General formulae for the periapsis shift of a quasi-circular orbit in static spherically symmetric spacetimes and the active gravitational mass density

TL;DR

This paper derives comprehensive formulas for the periapsis shift in static spherically symmetric spacetimes, linking the shift to matter properties like active gravitational mass density, and explores implications for dark energy and observational constraints.

Contribution

It provides new full-order formulas for periapsis shift in general spacetimes and connects the shift to active gravitational mass density, including observational implications.

Findings

Shift can be backward due to extended mass effects.

Active gravitational mass density influences periapsis shift.

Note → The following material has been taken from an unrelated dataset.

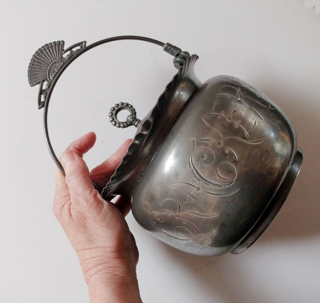 Still I have had some success selling older, quirky silver plate pieces in the past so I decided it was worth a shot. And it would be fun to see it given a new life…perhaps as a container for dog biscuits or as a planter.
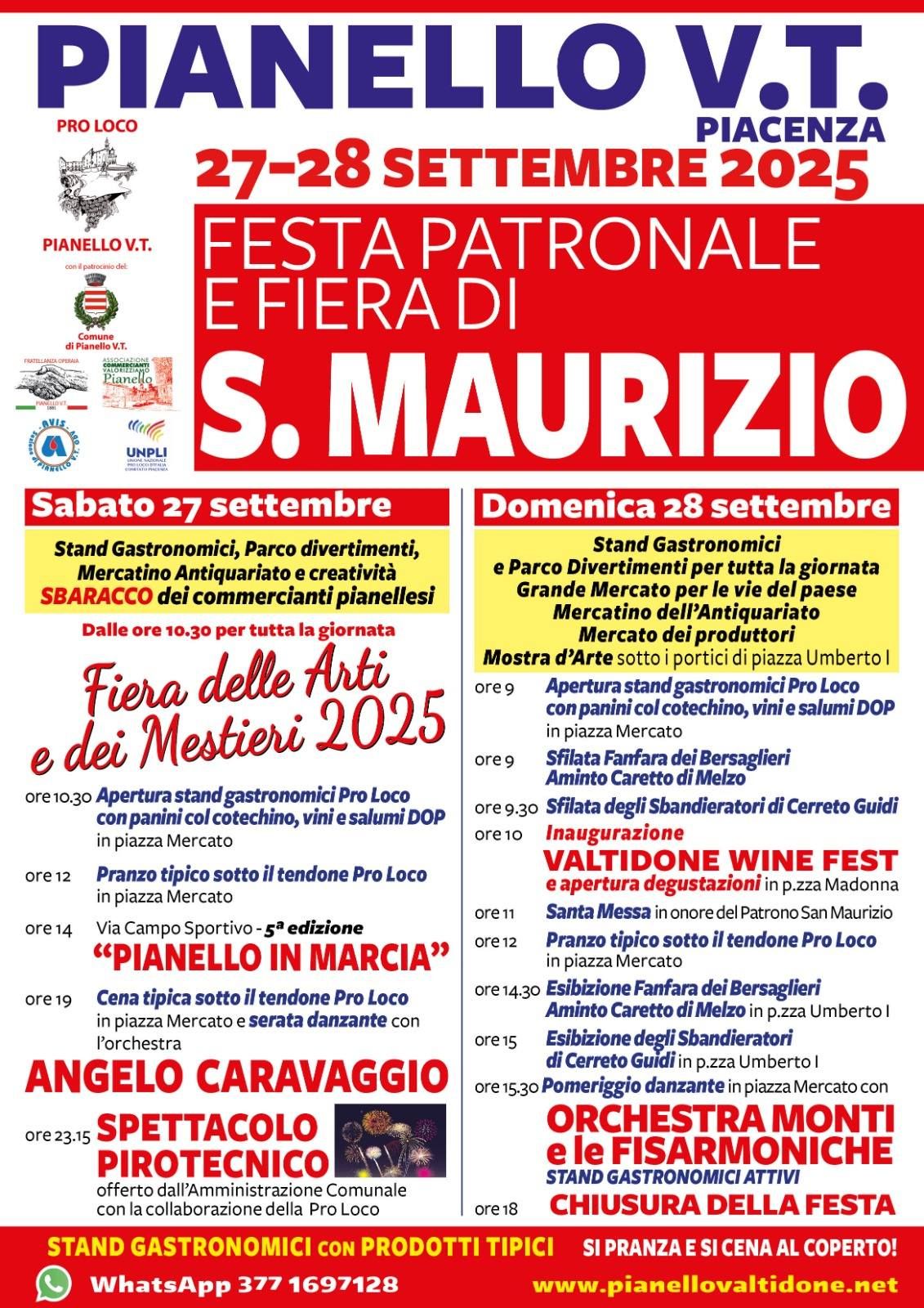 Sabato 27 e domenica 28 settembre Pianello Val Tidone celebra il Patrono San Maurizio con un weekend ricco di tradizione, sapori e intrattenimento.

Constraints on mass density in Solar System and Galactic Centre.

Abstract

We study the periapsis shift of a quasi-circular orbit in general static spherically symmetric spacetimes. We derive two formulae in full order with respect to the gravitational field, one in terms of the gravitational mass $m$ and the Einstein tensor and the other in terms of the orbital angular velocity and the Einstein tensor. These formulae reproduce the well-known ones for the forward shift in the Schwarzschild spacetime. In a general case, the shift deviates from that in the vacuum spacetime due to a particular combination of the components of the Einstein tensor at the radius $r$ of the orbit. The formulae give a backward shift due to the extended-mass effect in Newtonian gravity. In general relativity, in the weak-field and diffuse regime, the active gravitational mass density, $\rho_{A}=(\epsilon+p_{r}+2p_{t})/c^{2}$, plays an important role, where $\epsilon$, $p_{r}$, and $p_{t}$ are the energy density, the radial stress, and the tangential stress of the matter field, respectively. We show that the shift is backward if $\rho_{A}$ is beyond a critical value $\rho_{c}\simeq 2.8\times 10^{-15} \mbox{g}/\mbox{cm}^{3} (m/M_{\odot})^{2}(r/\mbox{au})^{-4}$, while a forward shift greater than that in the vacuum spacetime instead implies $\rho_{A}<0$, i.e., the violation of the strong energy condition, and thereby provides evidence for dark energy. We obtain new observational constraints on $\rho_{A}$ in the Solar System and the Galactic Centre.